• ASSIGNMENT: Reproduce each record below in full, word for word, without images.

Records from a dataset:

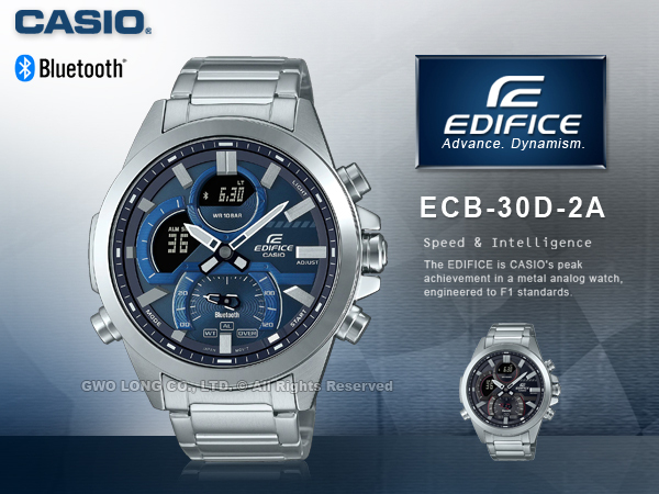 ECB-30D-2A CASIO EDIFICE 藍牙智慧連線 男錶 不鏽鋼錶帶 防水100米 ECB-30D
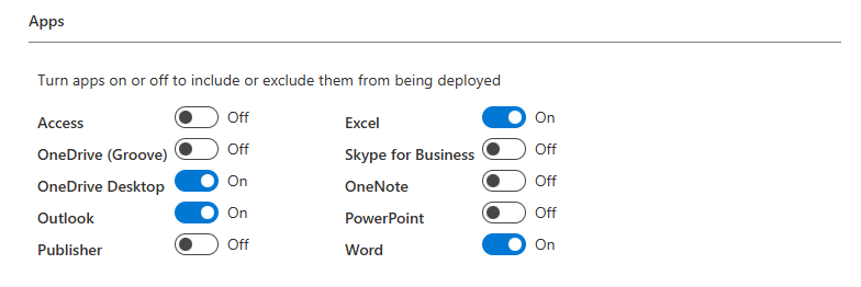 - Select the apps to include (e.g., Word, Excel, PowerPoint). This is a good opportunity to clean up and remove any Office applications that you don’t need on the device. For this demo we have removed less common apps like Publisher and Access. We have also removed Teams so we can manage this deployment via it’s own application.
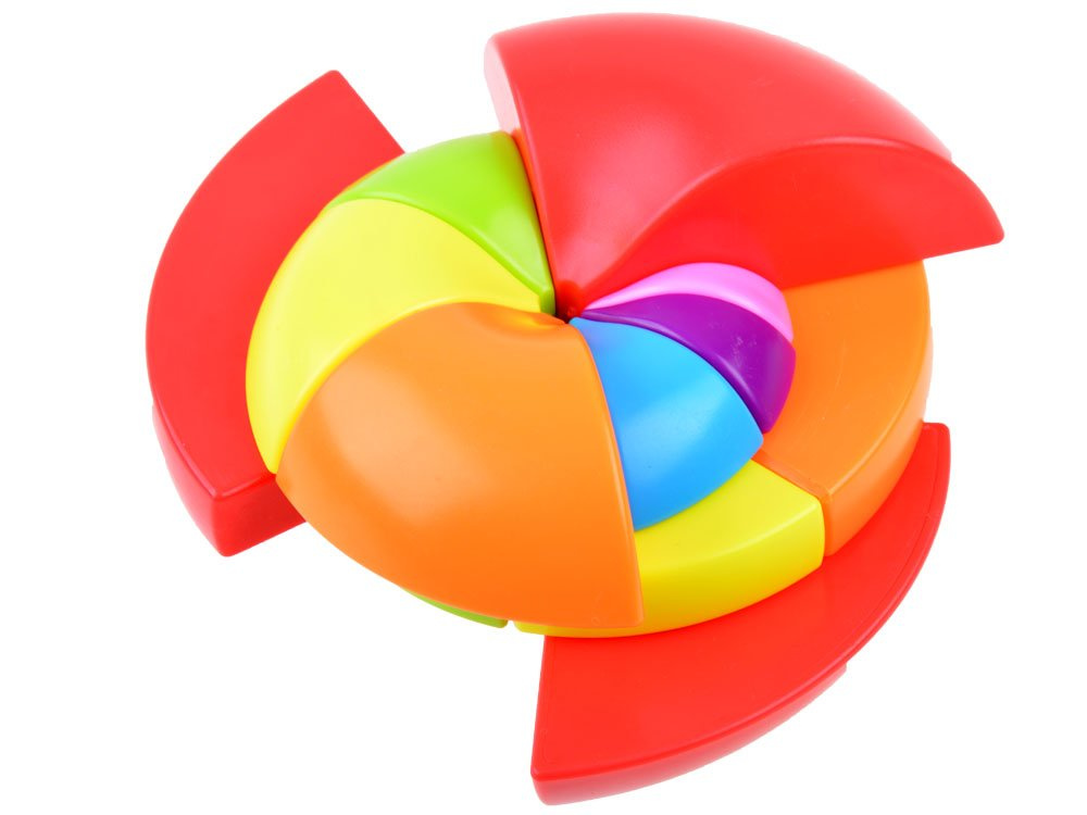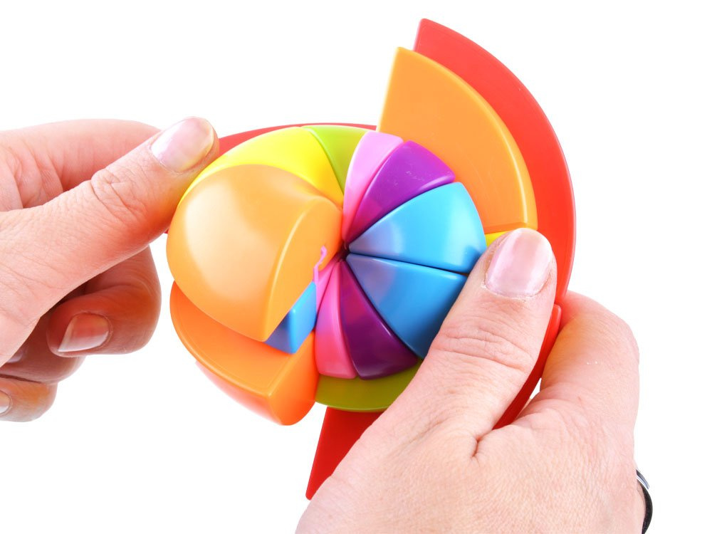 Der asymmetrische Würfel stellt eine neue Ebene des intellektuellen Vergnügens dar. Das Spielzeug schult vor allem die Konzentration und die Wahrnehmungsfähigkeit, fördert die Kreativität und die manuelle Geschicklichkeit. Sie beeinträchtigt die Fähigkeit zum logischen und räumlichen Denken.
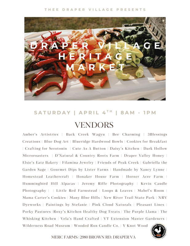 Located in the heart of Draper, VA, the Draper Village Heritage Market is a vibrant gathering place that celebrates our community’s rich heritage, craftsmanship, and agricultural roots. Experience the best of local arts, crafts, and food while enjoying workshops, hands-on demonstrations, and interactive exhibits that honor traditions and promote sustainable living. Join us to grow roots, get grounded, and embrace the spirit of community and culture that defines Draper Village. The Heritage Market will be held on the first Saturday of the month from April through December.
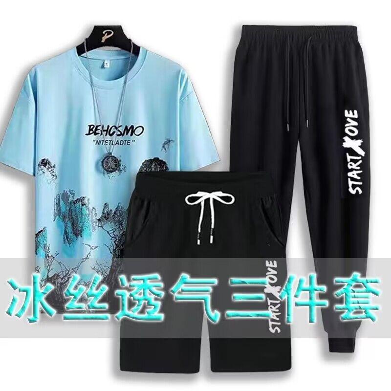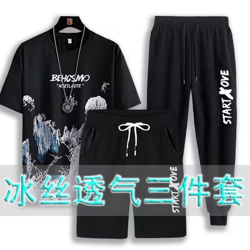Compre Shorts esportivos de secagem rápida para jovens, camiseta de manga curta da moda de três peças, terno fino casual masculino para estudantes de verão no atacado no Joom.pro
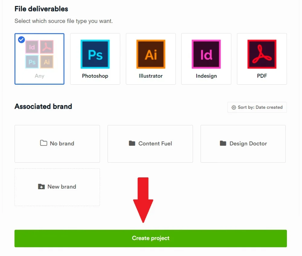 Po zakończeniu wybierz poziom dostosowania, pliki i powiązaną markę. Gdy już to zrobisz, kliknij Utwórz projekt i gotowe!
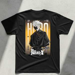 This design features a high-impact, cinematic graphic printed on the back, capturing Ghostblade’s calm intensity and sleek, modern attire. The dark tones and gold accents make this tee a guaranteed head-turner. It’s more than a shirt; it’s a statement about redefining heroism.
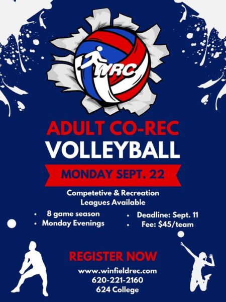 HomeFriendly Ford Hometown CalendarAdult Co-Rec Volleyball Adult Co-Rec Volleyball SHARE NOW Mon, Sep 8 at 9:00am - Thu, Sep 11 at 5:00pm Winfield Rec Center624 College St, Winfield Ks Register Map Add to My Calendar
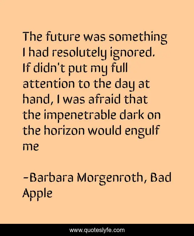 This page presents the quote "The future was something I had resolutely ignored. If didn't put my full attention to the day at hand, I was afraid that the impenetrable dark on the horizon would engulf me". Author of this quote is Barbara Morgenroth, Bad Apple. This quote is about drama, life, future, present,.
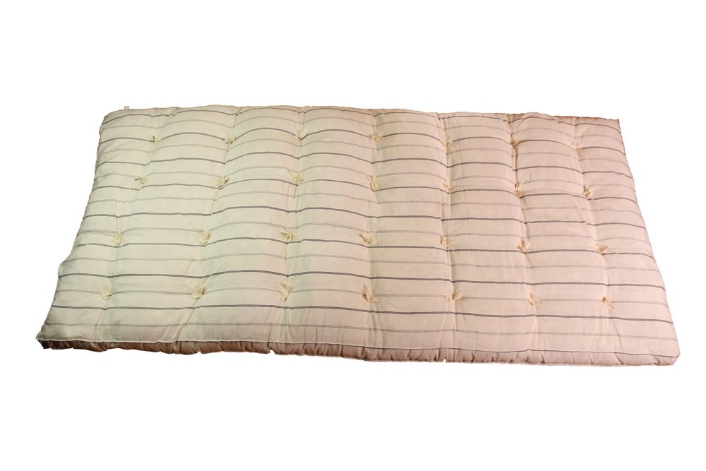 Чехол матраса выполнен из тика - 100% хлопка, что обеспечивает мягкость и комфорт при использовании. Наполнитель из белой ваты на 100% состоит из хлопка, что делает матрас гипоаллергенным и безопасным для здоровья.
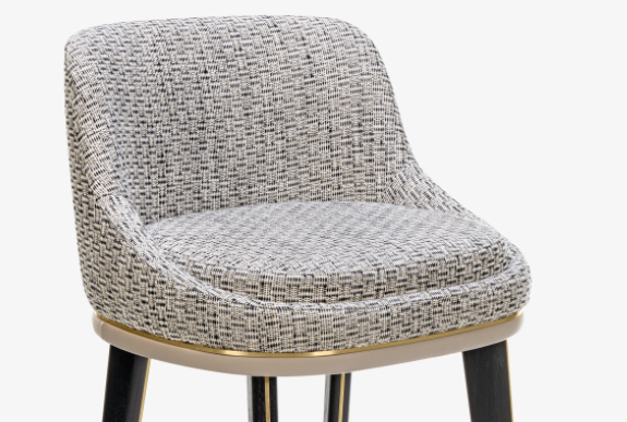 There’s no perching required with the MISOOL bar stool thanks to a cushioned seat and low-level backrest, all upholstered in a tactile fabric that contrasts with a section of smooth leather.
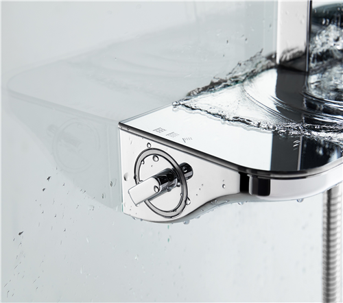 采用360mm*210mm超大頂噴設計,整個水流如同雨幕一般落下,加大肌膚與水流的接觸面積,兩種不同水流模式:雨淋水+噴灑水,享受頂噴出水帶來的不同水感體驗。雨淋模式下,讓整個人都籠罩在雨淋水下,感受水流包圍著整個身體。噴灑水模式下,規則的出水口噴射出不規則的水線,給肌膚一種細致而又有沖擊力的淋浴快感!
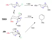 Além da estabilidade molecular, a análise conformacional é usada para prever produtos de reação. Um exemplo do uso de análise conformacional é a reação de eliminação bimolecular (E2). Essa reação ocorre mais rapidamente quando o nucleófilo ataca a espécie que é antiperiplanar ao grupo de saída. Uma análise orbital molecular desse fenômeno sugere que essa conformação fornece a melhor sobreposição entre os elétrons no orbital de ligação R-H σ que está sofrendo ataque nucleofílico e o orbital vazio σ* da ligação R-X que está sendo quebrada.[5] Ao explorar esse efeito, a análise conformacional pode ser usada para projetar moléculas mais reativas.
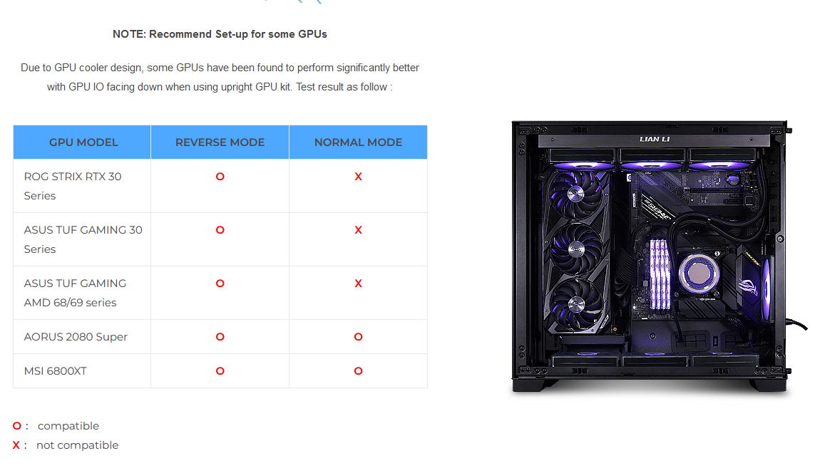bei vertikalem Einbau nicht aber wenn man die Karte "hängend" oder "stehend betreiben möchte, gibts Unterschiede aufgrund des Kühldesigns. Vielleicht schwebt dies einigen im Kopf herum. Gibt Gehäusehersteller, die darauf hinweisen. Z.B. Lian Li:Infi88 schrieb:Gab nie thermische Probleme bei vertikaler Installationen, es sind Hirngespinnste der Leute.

• RESULT:
 ECB-30D-2A CASIO EDIFICE 藍牙智慧連線 男錶 不鏽鋼錶帶 防水100米 ECB-30D
 - Select the apps to include (e.g., Word, Excel, PowerPoint). This is a good opportunity to clean up and remove any Office applications that you don’t need on the device. For this demo we have removed less common apps like Publisher and Access. We have also removed Teams so we can manage this deployment via it’s own application.
 Der asymmetrische Würfel stellt eine neue Ebene des intellektuellen Vergnügens dar. Das Spielzeug schult vor allem die Konzentration und die Wahrnehmungsfähigkeit, fördert die Kreativität und die manuelle Geschicklichkeit. Sie beeinträchtigt die Fähigkeit zum logischen und räumlichen Denken.
 Located in the heart of Draper, VA, the Draper Village Heritage Market is a vibrant gathering place that celebrates our community’s rich heritage, craftsmanship, and agricultural roots. Experience the best of local arts, crafts, and food while enjoying workshops, hands-on demonstrations, and interactive exhibits that honor traditions and promote sustainable living. Join us to grow roots, get grounded, and embrace the spirit of community and culture that defines Draper Village. The Heritage Market will be held on the first Saturday of the month from April through December.
Compre Shorts esportivos de secagem rápida para jovens, camiseta de manga curta da moda de três peças, terno fino casual masculino para estudantes de verão no atacado no Joom.pro
 Po zakończeniu wybierz poziom dostosowania, pliki i powiązaną markę. Gdy już to zrobisz, kliknij Utwórz projekt i gotowe!
 This design features a high-impact, cinematic graphic printed on the back, capturing Ghostblade’s calm intensity and sleek, modern attire. The dark tones and gold accents make this tee a guaranteed head-turner. It’s more than a shirt; it’s a statement about redefining heroism.
 HomeFriendly Ford Hometown CalendarAdult Co-Rec Volleyball Adult Co-Rec Volleyball SHARE NOW Mon, Sep 8 at 9:00am - Thu, Sep 11 at 5:00pm Winfield Rec Center624 College St, Winfield Ks Register Map Add to My Calendar
 This page presents the quote "The future was something I had resolutely ignored. If didn't put my full attention to the day at hand, I was afraid that the impenetrable dark on the horizon would engulf me". Author of this quote is Barbara Morgenroth, Bad Apple. This quote is about drama, life, future, present,.
 Чехол матраса выполнен из тика - 100% хлопка, что обеспечивает мягкость и комфорт при использовании. Наполнитель из белой ваты на 100% состоит из хлопка, что делает матрас гипоаллергенным и безопасным для здоровья.
 There’s no perching required with the MISOOL bar stool thanks to a cushioned seat and low-level backrest, all upholstered in a tactile fabric that contrasts with a section of smooth leather.
 采用360mm*210mm超大頂噴設計,整個水流如同雨幕一般落下,加大肌膚與水流的接觸面積,兩種不同水流模式:雨淋水+噴灑水,享受頂噴出水帶來的不同水感體驗。雨淋模式下,讓整個人都籠罩在雨淋水下,感受水流包圍著整個身體。噴灑水模式下,規則的出水口噴射出不規則的水線,給肌膚一種細致而又有沖擊力的淋浴快感!
 Além da estabilidade molecular, a análise conformacional é usada para prever produtos de reação. Um exemplo do uso de análise conformacional é a reação de eliminação bimolecular (E2). Essa reação ocorre mais rapidamente quando o nucleófilo ataca a espécie que é antiperiplanar ao grupo de saída. Uma análise orbital molecular desse fenômeno sugere que essa conformação fornece a melhor sobreposição entre os elétrons no orbital de ligação R-H σ que está sofrendo ataque nucleofílico e o orbital vazio σ* da ligação R-X que está sendo quebrada.[5] Ao explorar esse efeito, a análise conformacional pode ser usada para projetar moléculas mais reativas.
bei vertikalem Einbau nicht aber wenn man die Karte "hängend" oder "stehend betreiben möchte, gibts Unterschiede aufgrund des Kühldesigns. Vielleicht schwebt dies einigen im Kopf herum. Gibt Gehäusehersteller, die darauf hinweisen. Z.B. Lian Li:Infi88 schrieb:Gab nie thermische Probleme bei vertikaler Installationen, es sind Hirngespinnste der Leute.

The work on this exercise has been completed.